[reportlab-users] pageCatcher doesn't read PDFs created by PIL

Thu, 20 Nov 2003 21:52:11 -0600

Hi,

I'm writing a document management system in Python.  It scans pages,
makes PDFs of them with PIL, writes the pages to a database, and later
constructs aggregate PDFs on demand from a Web interface, using
ReportLab.

I've had no trouble combining various PDF files using pageCatcher,
except when I try to include PIL-generated PDFs.  My guess is that PIL
is doing something wrong in generating the PDFs, but I'm in the
unfortunate position of having several hundred images in the database
that I can't get out now.  I can't even convert the pages back to
another format, because PIL can't read PDF, it can only write it.
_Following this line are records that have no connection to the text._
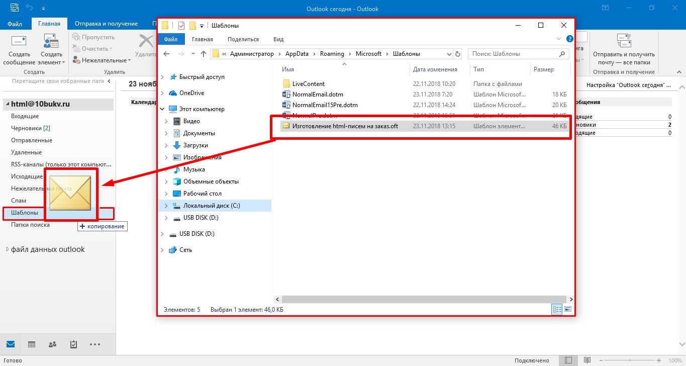 Назовём эту папку наглядно: «Шаблоны». И затем, обычным перетаскиванием файла прямо из окна «Проводника», скопируем в неё файл шаблона, содержащий наше html-письмо.
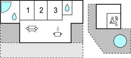 Opholdsstue/køkken - 1 Soveplads. (Sofa, madras eller lignende).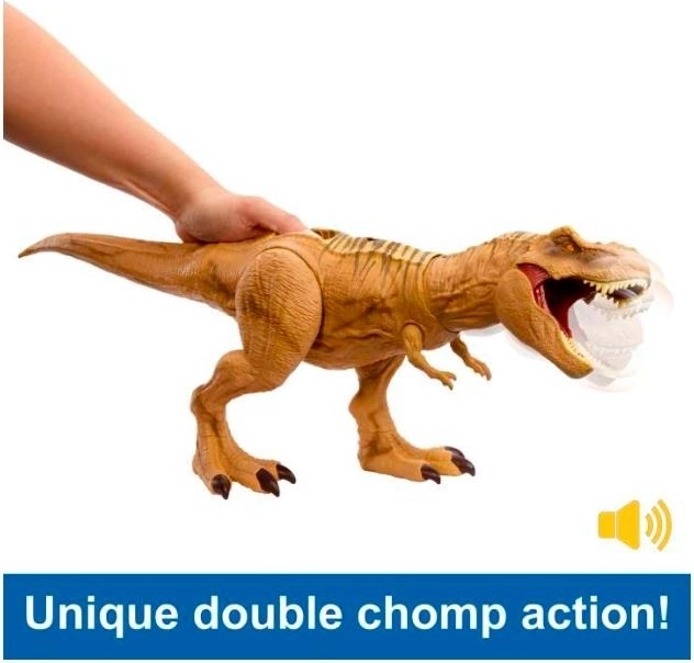 Po naciśnięciu przycisku T‑Rex otwiera paszczę i obraca głowę na bok, czemu towarzyszy realistyczny ryk dinozaura inspirowany filmami Jurassic World.

Here's a very simple test case:

from reportlab.pdfgen import canvas
from rlextra.pageCatcher.pageCatcher import copyPages
import Image

Image.new('RGB', (100,100)).save('d:\\pil.pdf')
cvs = canvas.Canvas('d:\\output.pdf')
copyPages('d:\\pil.pdf', cvs)
cvs.save()

This gives me:

D:\>python22\python copy.py
Traceback (most recent call last):
  File "copy.py", line 7, in ?
    copyPages('d:\\pil.pdf', cvs)
  File "_p:rlextra\pageCatcher\pageCatcher.py", line 1242, in copyPages
  File "_p:rlextra\pageCatcher\pageCatcher.py", line 678, in parse
  File "_p:rlextra\pageCatcher\pageCatcher.py", line 784, in getindirectObject
  File "_p:rlextra\pageCatcher\pageCatcher.py", line 822, in gettrue
ValueError: `endobj` keyword not found 1290 '5 0 obj\n<<\n/Length 3'

I'm using ReportLab 1.18, RLExtra 1.17, Python 2.2.3 and PIL 1.1.4 on
Windows 2000 Server.

I am not necessarily asking for pageCatcher to be fixed, since I the
problem may be in PIL, but I do need to figure out how to fix my PDF
files, and get PIL to generate valid ones in the future.  Acrobat
Reader does not appear to choke on the PIL-generated files, but
Ghostscript does (which was my backup solution for page merging...)

Help would be gratefully appreciated.

Thanks,

-- 
=Nicholas Riley <njriley@uiuc.edu> | <http://www.uiuc.edu/ph/www/njriley>